AKA: Comparable Corpora, Comparable Text.
- …
Example(s):
- Wikipedia Comparable Corpora.
- Comparable Corpora based on Brown corpus of Standard American English, LOB Corpus and Kolhapur Corpus.
Counter-Example(s):
- A Monolingual Corpus
- A Multilingual Corpus.
- A Aligned Parallel Corpus.
- A Translation Corpus
- A Parallel Corpus.
See: Text Corpus, Foreign Language Writing Aid, Machine Translation, Annotation, Part-of-Speech Tagging, Lemma (Morphology), Interlinear Gloss, Parsing, Treebank, Morphology (Linguistics), Semantics, Pragmatics, Corpus Linguistics.

References

2017a

(W3-Corpora, 2017) ⇒ W3-Corpora Project: Comparable Corpora http://www.essex.ac.uk/linguistics/external/clmt/w3c/corpus_ling/content/corpora/types/comparable.html Retrieved 2017-05-28
- A Comparable Corpus is a collection of "similar" texts in different languages or in different varieties of a language.

The criteria to define the similarity beteween texts is not clearly defined, but the aim of these type of corpora is to compare the languages or varieties presented in similar circumstances of communication, without the distorsions which appear in translated texts of Parallel Corpora

Examples of comparable corpora are those mirrored on the Brown corpus of Standard American English, for example, the LOB Corpus (British English), and the Kolhapur Corpus (Indian English).

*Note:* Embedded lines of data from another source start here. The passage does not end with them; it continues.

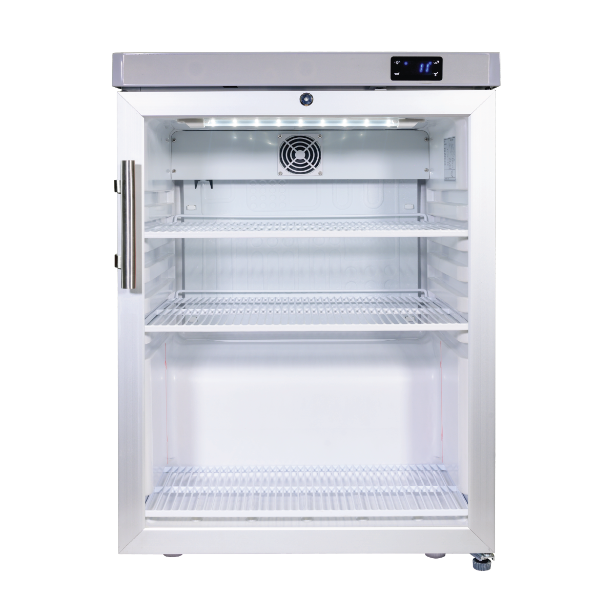 The combination of a tempered glass front, stainless steel accents, and a white finish offers a professional yet refined appearance. This cooler delivers not only in performance but also in aesthetic appeal, creating an inviting display for your beverages.
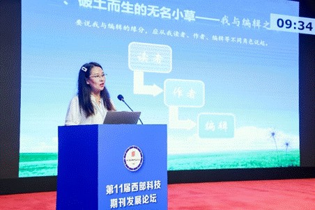 《内蒙古民族大学学报》(自然科学版蒙古文)编辑室主任、副编审陈晓慧带来了题为“我是草原上的一颗小草”的报告,她根据自己的编辑成长经历,从多个维度剖析了“读者-作者-编辑”的职业发展轨迹,分享了如何不断提升个人能力来应对行业变化及工作需求的宝贵经验。
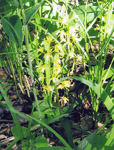 思ったよりも苦労した森の遊歩道もどうやら先が見えて元気を取り戻したころ、草にまぎれて1株咲いていた。もちろん同定はできないが、ランに違いない。 黄色というか金というかすっと立ち上がって気品に富む。この旅行でおそらくもっとも貴重な出会いだと思う。
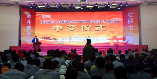 参与BDO项目二期建设的中国成达工程有限公司、北京华旭监理公司、中国化学十一化建、中国化学十四化建、中国化学四化建、其他参建单位代表出席了仪式;能源公司干部职工代表共计500余人参加了仪式。 伟德国际victor·1946源自党委书记、总经理李鹏对能源公司二期BDO项目如期中交,表示了热烈的祝贺,对各参建单位的管理水平和专业精神给予了充分肯定。李鹏指出,在中华人民共和国成立70周年举国欢庆之际,在全党深入开展“不忘初心、牢记使命”主题教育期间,我们欢聚一堂,参加“伟德国际victor·1946源自能源公司二期BDO项目中交仪式”,共同庆祝新中国70周年华诞!李鹏强调,能源公司二期BDO项目是伟德国际victor·1946源自公司打造“两个百万吨产业园”,进一步优化完善产业链,打造低成本、差异化核心竞争力的重要战略举措;是应对当前国内外经济下行、贸易摩擦的重要举措;也是从自身实际出发,不忘初心、牢记使命,贯彻新发展理念,实施高质量发展,满足公司内部下游化工新材料产业发展的重大战略部署。 中国成达工程有限公司副总经理徐刚代表承建单位讲话。他指出,项目自2018年7月1日开工以来,中国成达工程公司及各参建单位一道,同心同德,群策群力,科学组织,精心安排。在充分借鉴一期BDO项目建设经验的基础上,克服种种困难,始终咬定15个月的施工进度总目标不放松,设计上极力优化,采购上加班加点,施工上紧扣节点,质量上追求完美,成本上精打细算,今天的初步中交,实属不易,极为艰难,刷新了国内外同类项目建设速度新记录,为11月30日的投料试车创造了基本条件,为伟德国际victor·1946源自公司高质量、低成本发展战略落地奠定了坚实的基础,也为新中国70周年华诞献了一份厚礼。 伟德国际victor·1946源自党委委员、副总经理兼能源公司总经理潘哆吉在发言中指出,二期BDO项目的初步中交,标志着建设安装已经基本完成。后续的工作,我们重任在肩,更需要我们与总包、监理及各参建单位一道,勠力同心,继续发扬 “不怕困难,勇于创新,敢于担当,每战必胜”的伟德国际victor·1946源自精神,坚决完成各项预定目标,确保二期BDO项目顺利开机投产,以此向伟大祖国献礼,为祖国的盛世华章增添一节新的音符。 壮丽70年,奋进新时代。仪式上,能源公司干部职工、各参建单位还以“庆祝中华人民共和国建国70周年”为主题,表演了大合唱、诗朗诵等节目,抒发了对项目成功中交的喜悦心情,表达了对新中国成立70周年的美好祝福!

Within the ICE Project (International Corpus of English), twelve centres around the world are preparing corpora of their own national or regional variety of English. The first of these (ICE-GB) will be available from spring 1998.

2017b

(Wikipedia, 2017) ⇒ https://en.wikipedia.org/wiki/Text_corpus#Overview Retrieved:2017-5-28.
- (...) In a comparable corpus, the texts are of the same kind and cover the same content, but they are not translations of each other. To exploit a parallel text, some kind of text alignment identifying equivalent text segments (phrases or sentences) is a prerequisite for analysis. Machine translation algorithms for translating between two languages are often trained using parallel fragments comprising a first language corpus and a second language corpus which is an element-for-element translation of the first language corpus. In order to make the corpora more useful for doing linguistic research, they are often subjected to a process known as annotation. An example of annotating a corpus is part-of-speech tagging, or POS-tagging, in which information about each word's part of speech (verb, noun, adjective, etc.) is added to the corpus in the form of tags. Another example is indicating the lemma (base) form of each word. When the language of the corpus is not a working language of the researchers who use it, interlinear glossing is used to make the annotation bilingual. Some corpora have further structured levels of analysis applied. In particular, a number of smaller corpora may be fully parsed. Such corpora are usually called Treebanks or Parsed Corpora. The difficulty of ensuring that the entire corpus is completely and consistently annotated means that these corpora are usually smaller, containing around one to three million words. Other levels of linguistic structured analysis are possible, including annotations for morphology, semantics and pragmatics. Corpora are the main knowledge base in corpus linguistics. The analysis and processing of various types of corpora are also the subject of much work in computational linguistics, speech recognition and machine translation, where they are often used to create hidden Markov models for part of speech tagging and other purposes. Corpora and frequency lists derived from them are useful for language teaching. Corpora can be considered as a type of foreign language writing aid as the contextualised grammatical knowledge acquired by non-native language users through exposure to authentic texts in corpora allows learners to grasp the manner of sentence formation in the target language, enabling effective writing.^[1]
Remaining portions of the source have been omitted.